С каждым разом множились у Павла нетерпеливые вопросы. Чего хотят эти люди? Они приходят неукоснительно, ведут разговоры, немного флиртуют друг с другом, но ни слова о каком-нибудь деле, каком-нибудь, пусть самом незначительном! За стенами грохочет война, умирают люди по тюрьмам, по концлагерям, может, и она там! Может, ждет, и плачет, и страшно ей, страшно, каждый день может решить ее судьбу... А тут воркуют о красоте, ведут бесплодные беседы на философские темы! Что мне теперь до господина Бергсона и его duré *, [* То есть «длительности» — одной из основных категорий философии Бергсона.] нет у меня ни малейшего желания копаться в его теориях, для этого будет время потом, когда в мире настанет тишина. Но тут же выскакивали сомнения: а что, если это не более чем конспиративный прием? Откуда мне знать? Быть может, позднее... Бацилла ведь ясно сказал: Прокоп — член широко разветвленной организации Сопротивления, работающей в глубоком подполье; он связной между нею и этой группой, так он сам сказал Бацилле. А Бацилла в таких делах врать не станет. Однажды Павел выложил ему свои сомнения — толстяк до того разволновался, что пустил смешного петуха. Видно, он уже поддался обаянию Прокопа. «Хочешь сделать глупость — пожалуйста, только без меня! — пискнул он, оглядываясь на темной улице. — А то Прокоп еще подумает — кого это я привел! Пойми же ты, он должен молчать! Обязан! Такой ведь закон этой... конспирации. И мне даже нравится...» Не было сомнения, что у его конспирации каштановые волосы младшей барышни Карасовой. Остыв немного, Бацилла добавил: «А если у Прокопа есть приказ — сначала прощупать нас?» Павел сердито ответил: «Пора бы ему поспешить с этим делом». А позднее подумал, что, может, Бацилла и прав. Характер сходок постепенно изменился, иной раз даже слушали Лондон, болтали о положении на фронтах, о перспективах близкого конца войны. Могло показаться, что Прокоп черпает более подробную информацию из каких-то особых и весьма осведомленных источников; его прогнозы отличались вызывающей сложностью, а всякое иное мнение сметалось потоком аргументов, произносимых с таким сарказмом, что оппонент поскорее уступал поле боя.

Вскоре Павел столкнулся с Прокопом: речь шла о том, кто освободит Прагу и всю страну. Павлу в общем было все равно, лишь бы скорее, и он вполне допускал, что освобождение придет с Востока. Этого ждал Чепек, и Павел слышал, как отец каждый день с воодушевлением говорит о братьях славянах на востоке, радуясь, что русские кони напьются влтавской воды. Прокоп придерживался, однако, другого мнения, которое он не преминул окутать туманом сложных рассуждений о сфере западной цивилизации и ее миссии, об областях распространения римского права; он расточительно бросал чужие слова.
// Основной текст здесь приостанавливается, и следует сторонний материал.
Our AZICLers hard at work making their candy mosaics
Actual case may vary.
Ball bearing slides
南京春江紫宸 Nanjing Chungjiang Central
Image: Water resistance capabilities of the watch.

Позднее эти вечеринки превратились в некие семинары. Прокоп приносил в своем набитом портфеле книги и читал вслух большие отрывки из них. Прокоп в роли духовного руководителя охотно разъяснял, толковал, корил за леность мысли, очаровывал — непредвзятый, великолепно объективный ко всем идеям. Необходимо узнать все, утверждал он. Нельзя ничего отвергать априори, надо пройти через сомнение во всем, без сомнения мысль каменеет, превращаясь в тупую догму. Только тот из нас, кто пополнит свои знания тем, чего лишила нас наша эпоха, кто поднимется до уровня свободного мирового мышления — найдет себя. И выбор Прокопа был соответствующим: беглая экскурсия по творениям Платона, затем Рэскин, Паскаль и Масарик, после этого пришла очередь Бенды с его «Предательством образованных», Унамуно и Кьеркегора, прагматистов и новотомистов, один вечер был посвящен афоризмам Ницше — его кощунственность и своеобразная мания величия пленила слушателей. Почему я так мудр? Почему пишу такие гениальные книги? Читали еще из Заратустры, и не было в том никакой скуки; мысли так и кипели.
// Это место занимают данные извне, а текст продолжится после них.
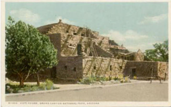
Hopi House, Grand Canyon National Park, Arizona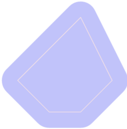
Figure 2: Theorem 3.1 describes the transition from the convex polytope delimited by the yellow segments to the purple smooth convex body

Theorem 3.1 immediately applies to our case: \mathcal{C} approaches a smooth convex body as the number of its extreme points goes to infinity. A visual representation of this result is given in Figure 2.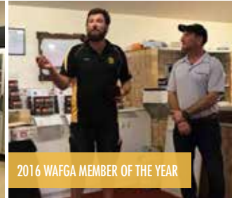
2016 WAFGA MEMBER OF THE YEAR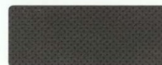
Charcoal Black Leather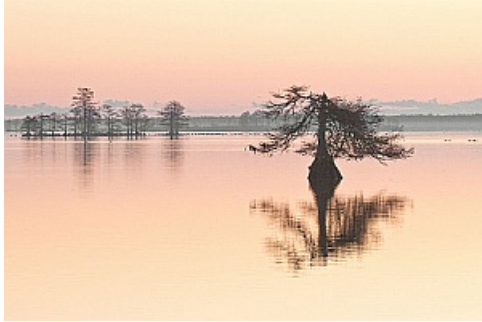
Sunrise on Lake Mattamuskeet

https://www.ncdcr.gov/about/history/division-historical-resources/nc-highway-historical-marker-program [2]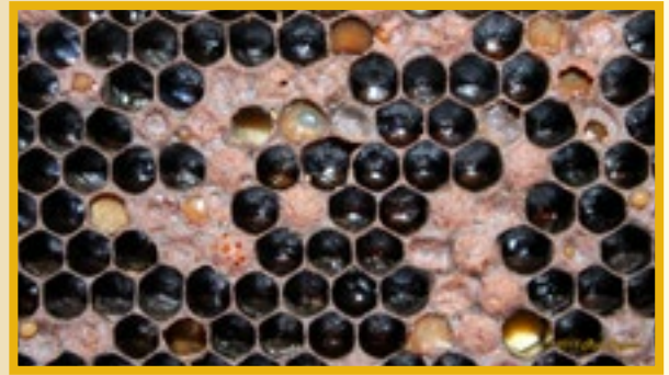
AFB — A colony heavily infected with AFB will have moisture on the sealed brood. Brood is also oozing from perforated cells at this stage.

Prior to the introduction of Varroa mites, American Foulbrood (AFB) was considered the most serious disease beekeepers had to contend with. AFB is a bacterial disease and is still a serious honey bee brood disease. AFB spores are transmitted to young larvae (less than two days old) while being fed by nurse bees. Immature bees die from this bacterial disease in the late larval or pupal stage and putrify in their cells. AFB is also spread by housekeeper bees and by beekeepers using or swapping contaminated equipment. Once a colony is weakened by AFB, robber bees may infiltrate the hive, steal infected honey, and bring it back to their own brood, thus spreading the disease. AFB spores remain viable indefinitely.

Однажды вечером — за шторами затемнения падали мягкие снежные хлопья — Прокоп принял их с необычно серьезным видом. Он долго молчал, пытливо вглядываясь в лица своими пронзительными глазами, потом сунул руку в набитый портфель и положил на старинный столик, рядом с чашечками саксонского фарфора, довольно потрепанную книгу. «Надеюсь, я не должен объяснять, — сказал он приглушенным голосом, — что за это полагается тюрьма, если не хуже».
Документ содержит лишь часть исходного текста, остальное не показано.